Exercise data =
-- -- --
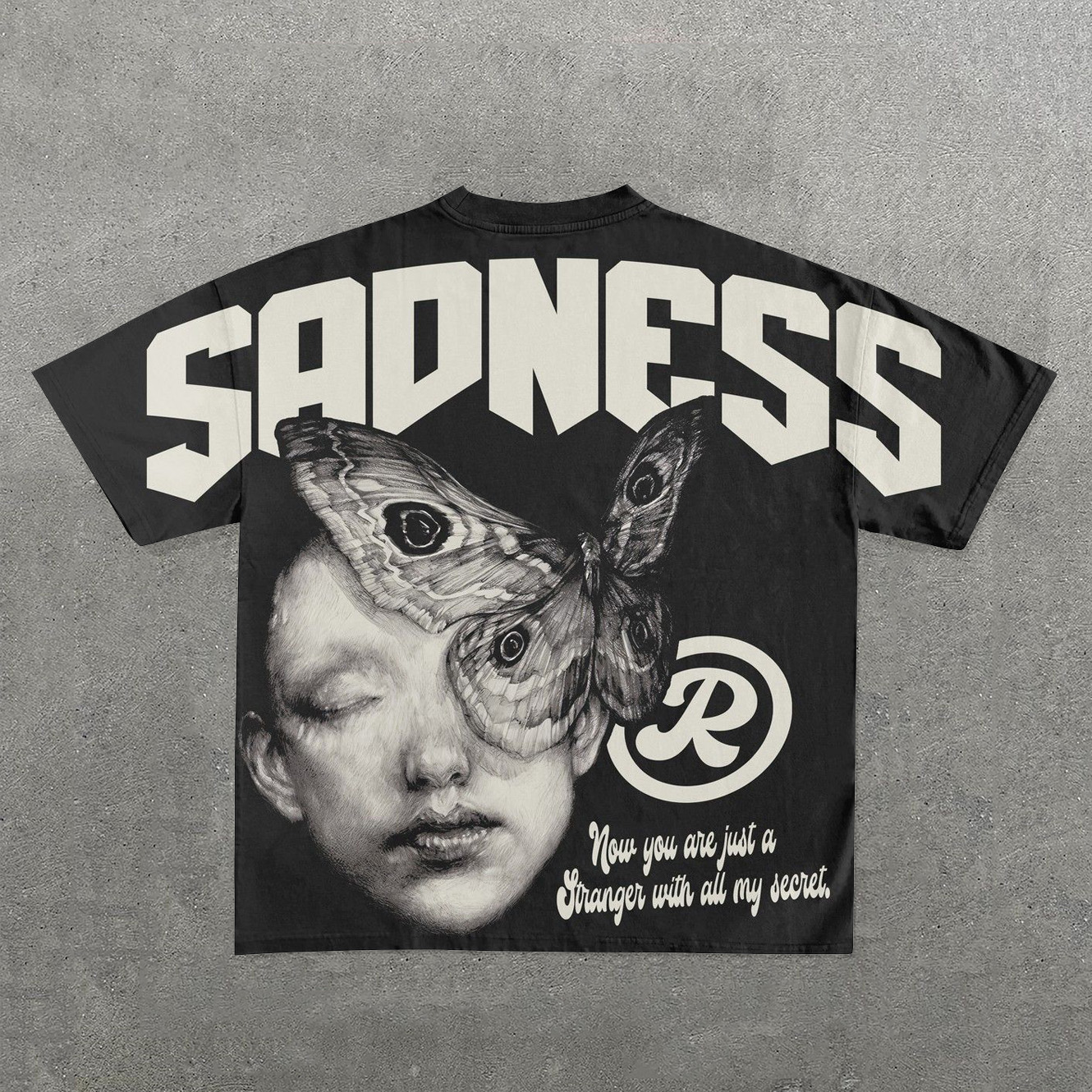 Sadness Butterfly Print Short Sleeve T-Shirt
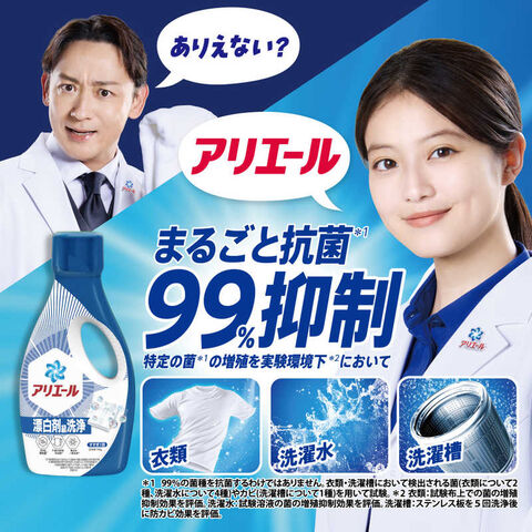 NEW 魔法のような万能洗剤 1本トリプル効果!ストレスなし 洗たく槽防カビ*1つけおきなし 蓄積臭はがす*2石けんなし*3 シミ一発でスッキリ!*4漂白剤なしで黄ばみを一発洗浄*4汗臭 加齢臭 生乾き臭 1本消臭*218時間超抗菌!*510%濃縮!*6 少ない量で同じだけ洗える*1 カビは除去しません *3 石けんの代わりに、本品で前洗いした際に同等のシミを落とす効果が得られます *2 P&G調べ。
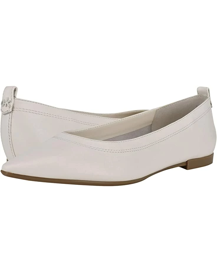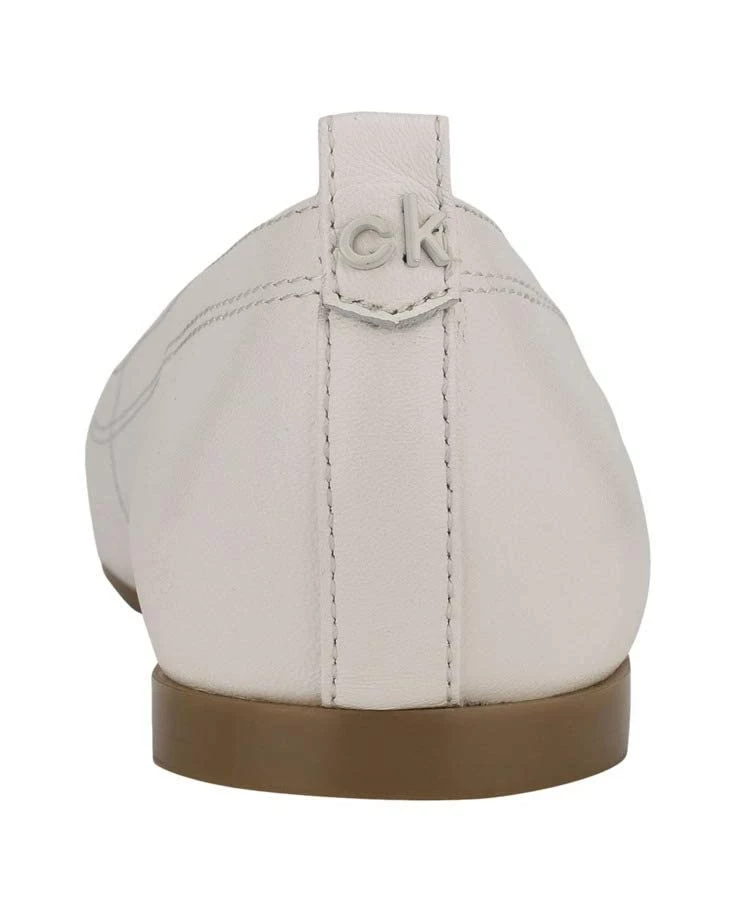 - Walk your way from the office to drinks at happy hour in these Calvin Klein® Raya flats. These slip-on shoes are crafted from a soft leather upper, feature a CK branded pull tab at the back and are completed with a flexible pointed toe giving them casual versatility when styling.
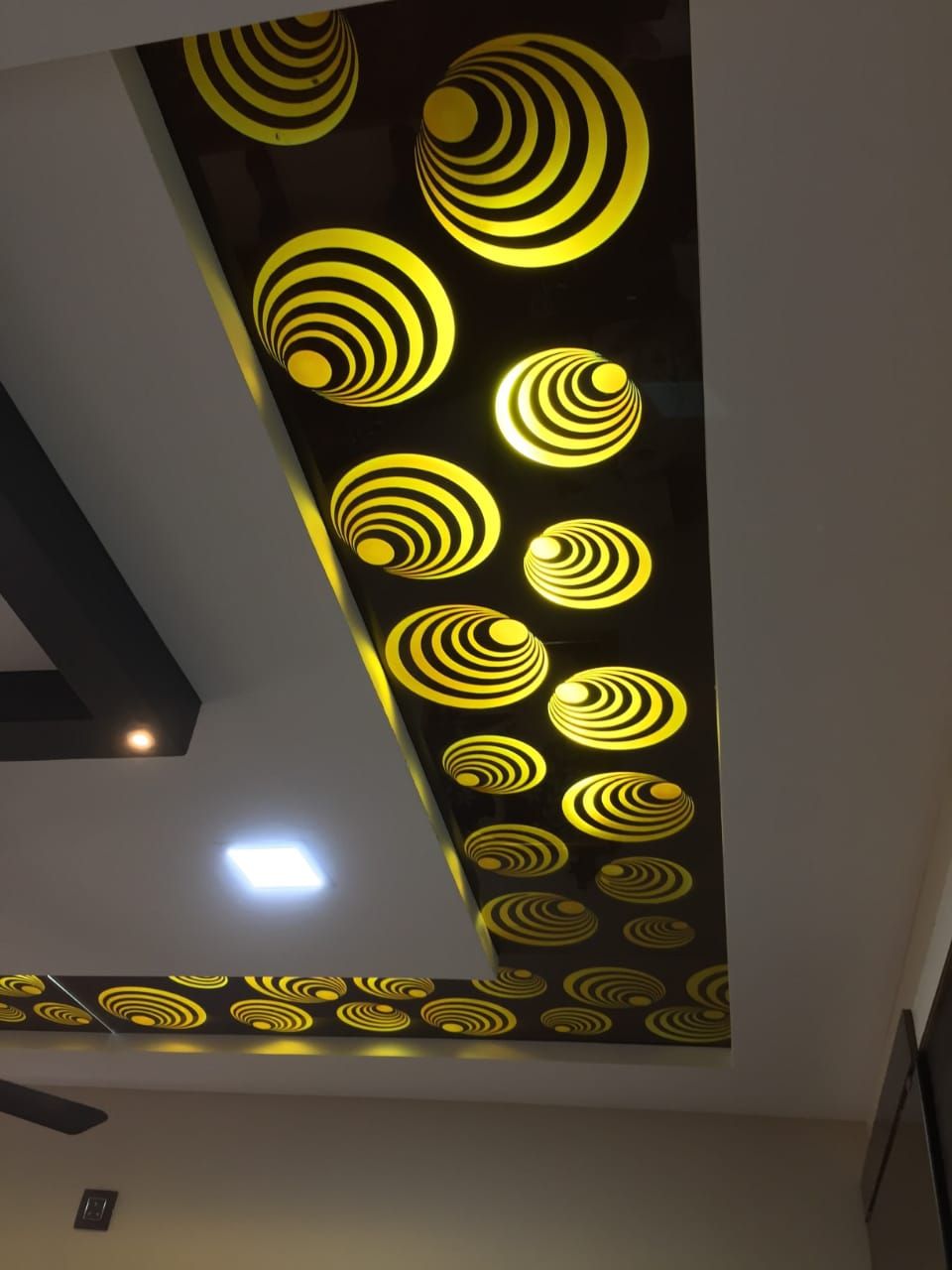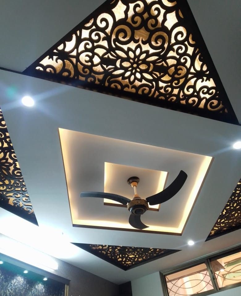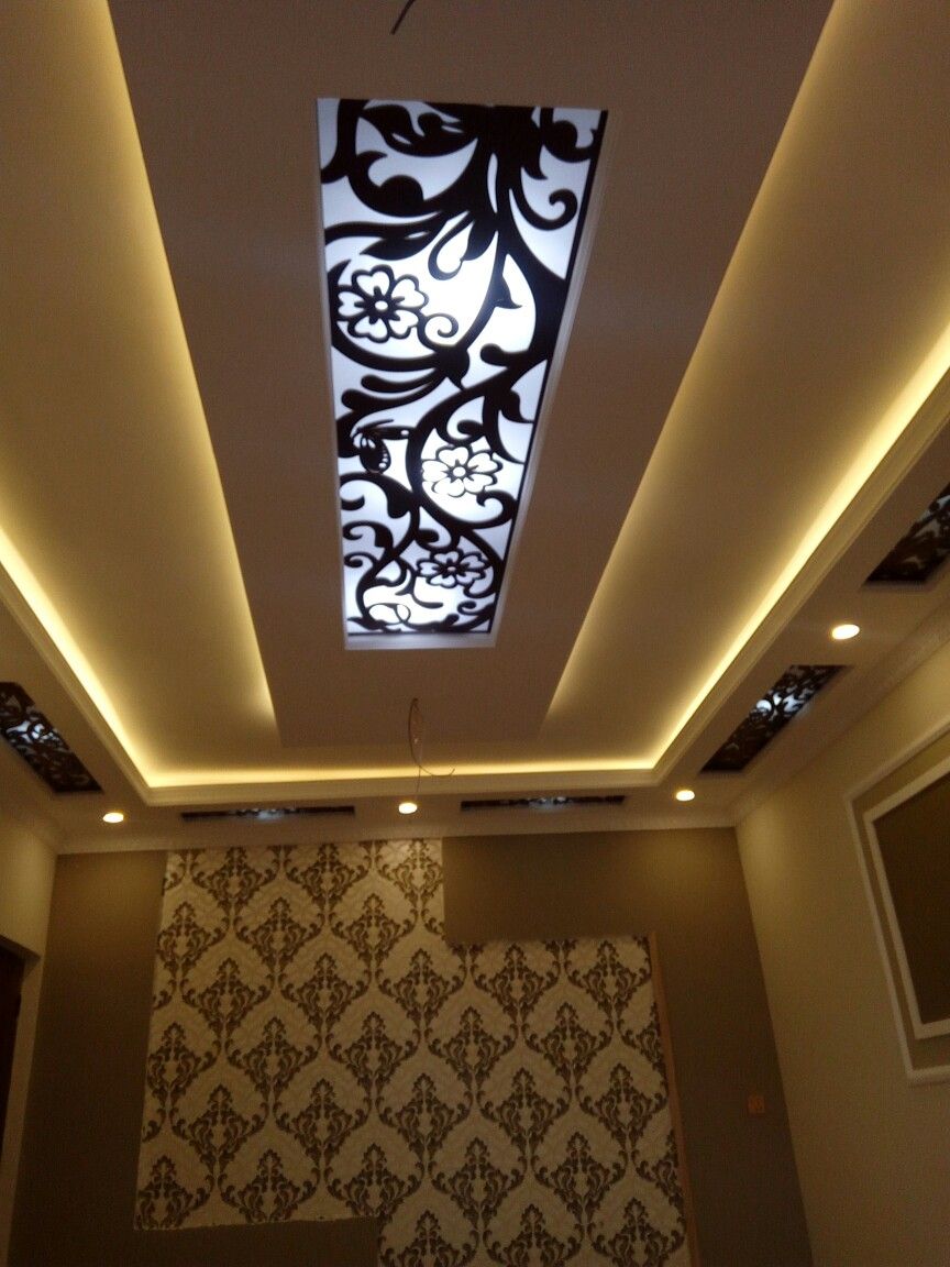 یکی از رایجترین طرحها، پنلی دایرهای در مرکز سقف است که با نقشهای سنتی ایرانی یا الگوهای گلدار CNC شده است. این مدل برای خانههایی با المانهای کلاسیک و نورپردازی مرکزی بسیار چشمنواز و باشکوه است.
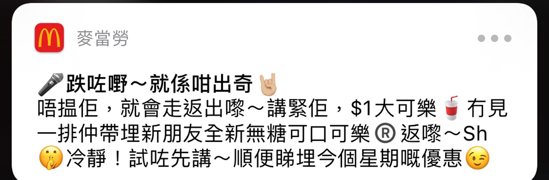 香港麥當勞早前宣布,因國際航運因不穩定影響全球供應鏈,導致脆香雞翼延遲抵港,部份分店需暫停售賣脆香雞翼直至食材恢復供應。麥當勞今日公布(27日)恢復供應脆香雞翼,並推出雞翼優惠,又透過手機app推播消息,當中以「跌咗嘢~就係咁出奇」為標題,內文提到「唔搵佢,就會出返嚟」等字句,原意相信是引用YouTube頻道「試當真」大熱歌曲《跌嘢唔好搵》歌詞作切入點宣傳,惟有巿民接收訊息後,聯想到日前有水警快艇翻沉、高級督察林婉儀不幸殉職事件,認為麥當勞宣傳的內容是暗諷女警墮海,直斥做法不能接受,掦言要抵制麥當勞,要求公司交代事件。公仔箱論壇( ?* x: t5 M7 \5 C( g) p
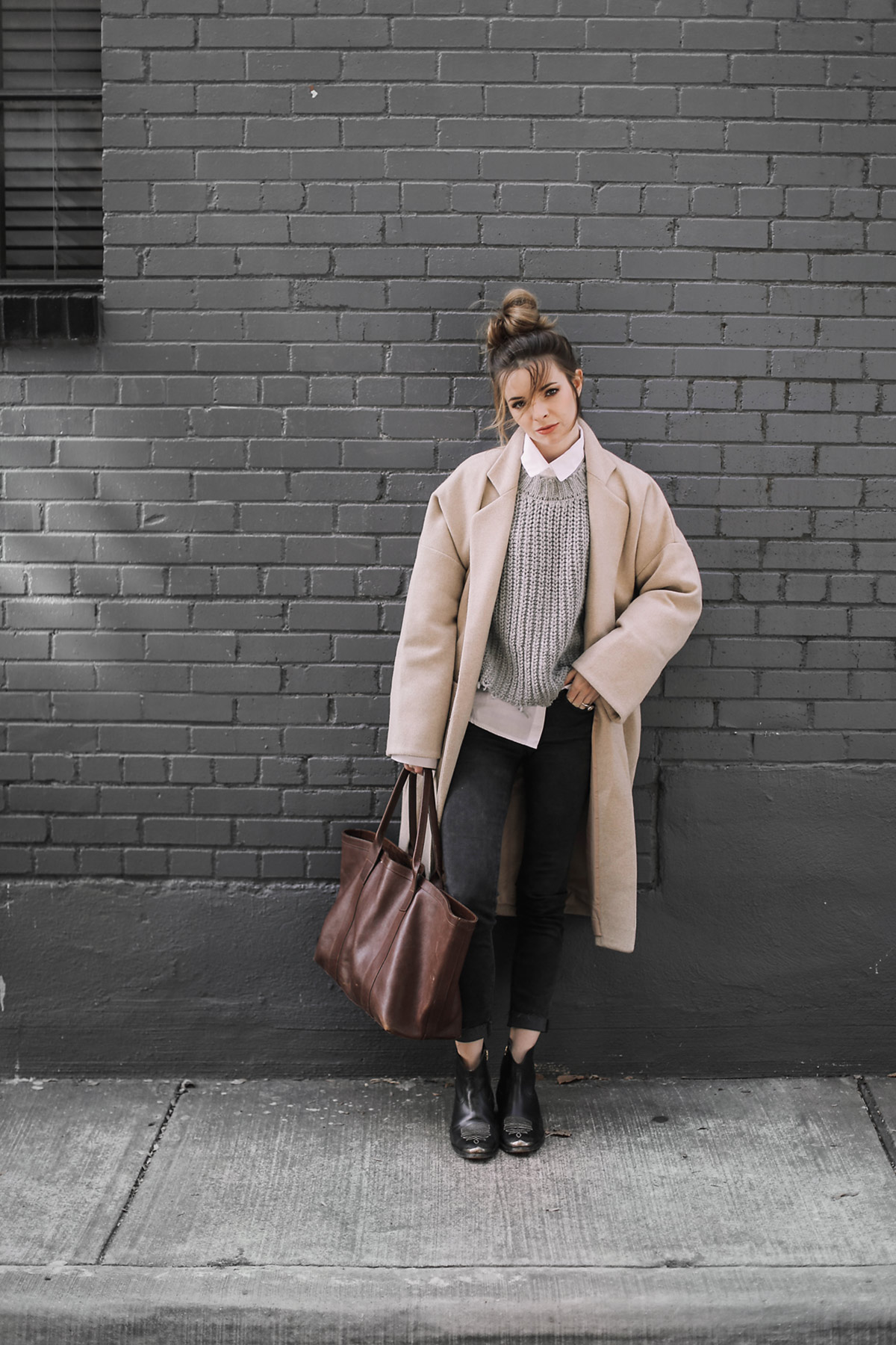 I am so in love with my coat, it is definitely a piece I will wear for many years to come. It reminds me of a sweater coat my mom has. Its a cable knit grey cocoon cardigan by MaxMara and she’s had it for probably 12 years. My mom is always lending this sweater to my sister, or me, or our friends. We never know where it is but it always returns home. I remember being out at a bar one night and seeing the familiar grey sweater draped over someones shoulders from behind. I tapped their shoulder and it was one of my sister’s best friends and I laughed. It’s like the Sisterhood of the Traveling Sweater! You’ve seen this sweater on Sea of Shoes a dozen times if you are a longtime reader, it is endlessly versatile. I can think of a few outfits I’ve posted with it off the top of my head. When I think about investing in a coat, I want to have the same kind of relationship with it that I have with the Traveling MaxMara sweater. That to me is what an investment piece should do for your wardrobe.
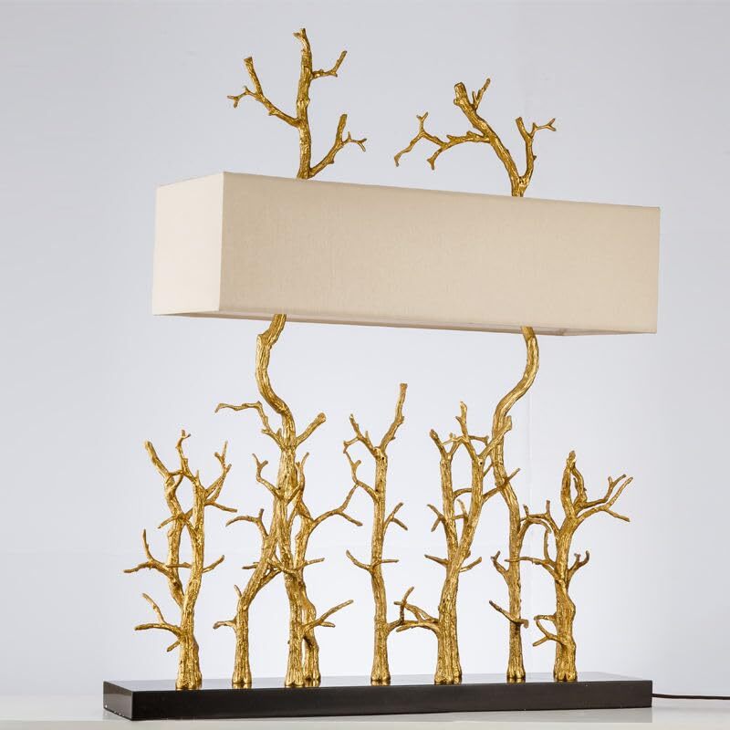 Product description: Transform your space with this striking bronze branch table lamp, a perfect marriage of artistic design and functional lighting. Standing at 26.8 inches long, 10.2 inches wide, and 36.2 inches tall, this modern lamp features an eye-catching forest-inspired sculpture finished in clear copper tones, crowned with a sophisticated rectangular shade. The premium alloy construction ensures durability while the artistic branch motif adds a touch of natural elegance to any setting. Compatible with E27 LED bulbs, it provides warm, efficient illumination ideal for bedrooms, offices, or living spaces. This versatile lighting piece serves as both a practical light source and a conversation-starting decorative element. Place it on your desk, sideboard, or console table to instantly elevate your interior design with its unique silhouette and luxurious metallic finish.
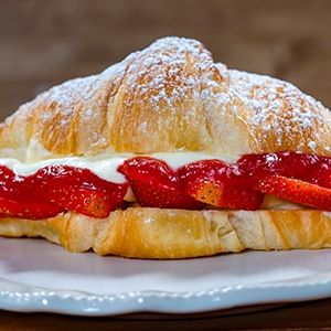 flaky Croissant filled with Egg, Bacon, Cheese, and Hollandaise Sauce
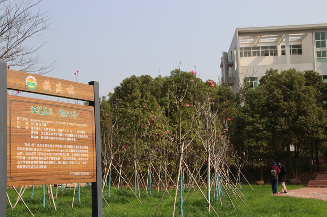 为加强该树种的推广应用,学院主持承担了中央财政林业科技推广项目“红花玉兰新品种‘娇红1号’引种栽培及推广示范”,2021年已造林1万余株,面积约240亩。
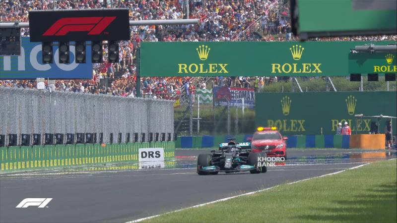 یک پیش آمد غیر منتظره استراتژی اشتباه مرسدس و تصمیم نادرست همیلتون معادله را کاملا تغییر داد و سرنوشت مسابقه به گونهای دیگر رقم خورد. سطح پیست تقریبا خشک شده بود و بر خلاف پبش بینی هواشناسی خبری از باران نبود پس همه به پیت رفتند تا لاستیکها تعویض نمایند و این همیلتون بود که تنها با لاستیک وت بر روی خط استارت ایستاد. چراغ قرمز خاموش شد، او حرکت کرد اما مسیر خشک بود و بسیار کند. نهایت تلاشش تنها او را 4 ثانیه جلوتر از دیگران که از داخل پیت استارت زده بودند قرار داده بود. تصمیم به تعویض لاستیک گرفت و این توقف باعث شد او در انتها یعنی ماشین چهاردهم به پیست بازگردد!
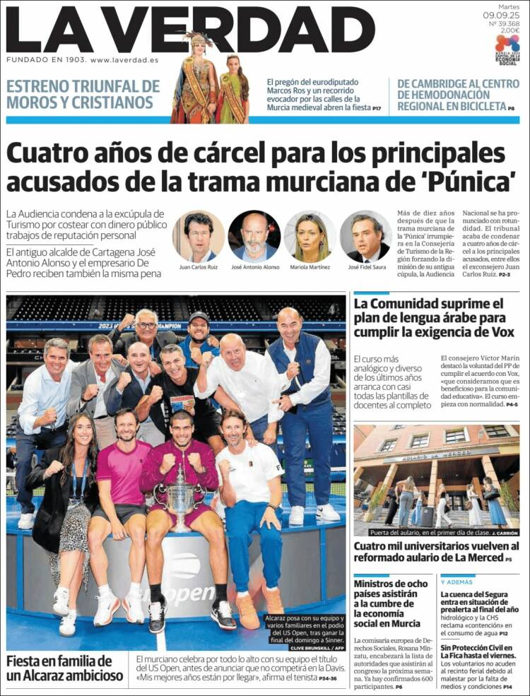 Portada del diario LA VERDAD DE MURCIA del día 9/09/2025 News Europa9 septiembre, 2025 Portada del diario LA VERDAD DE MURCIA del día 9/09/2025
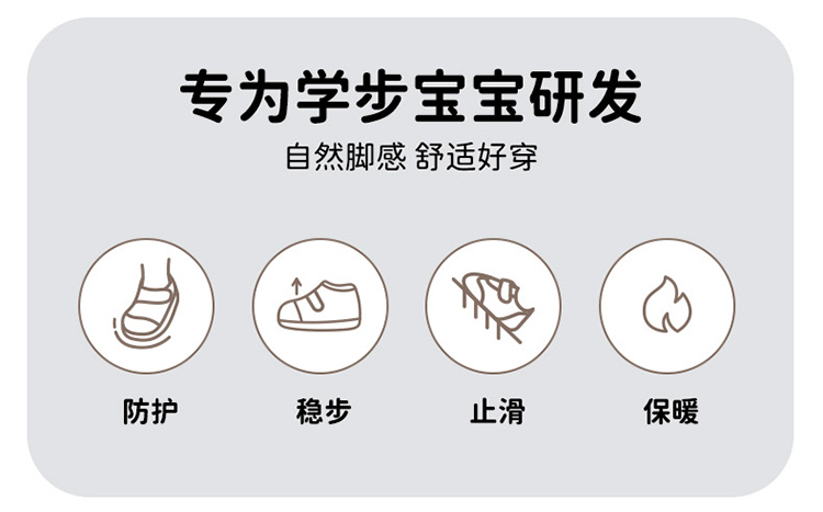 贝贝怡加绒秋冬新款男女宝宝学步鞋柔软舒适防撞鞋运动休闲童鞋ZB4DX010
-- -- --
To do = Repeat, with no pictures, every line from the top of the entries above through the line that has "- Walk your", keeping each one exact.

Response area =
 Sadness Butterfly Print Short Sleeve T-Shirt
 NEW 魔法のような万能洗剤 1本トリプル効果!ストレスなし 洗たく槽防カビ*1つけおきなし 蓄積臭はがす*2石けんなし*3 シミ一発でスッキリ!*4漂白剤なしで黄ばみを一発洗浄*4汗臭 加齢臭 生乾き臭 1本消臭*218時間超抗菌!*510%濃縮!*6 少ない量で同じだけ洗える*1 カビは除去しません *3 石けんの代わりに、本品で前洗いした際に同等のシミを落とす効果が得られます *2 P&G調べ。
 - Walk your way from the office to drinks at happy hour in these Calvin Klein® Raya flats. These slip-on shoes are crafted from a soft leather upper, feature a CK branded pull tab at the back and are completed with a flexible pointed toe giving them casual versatility when styling.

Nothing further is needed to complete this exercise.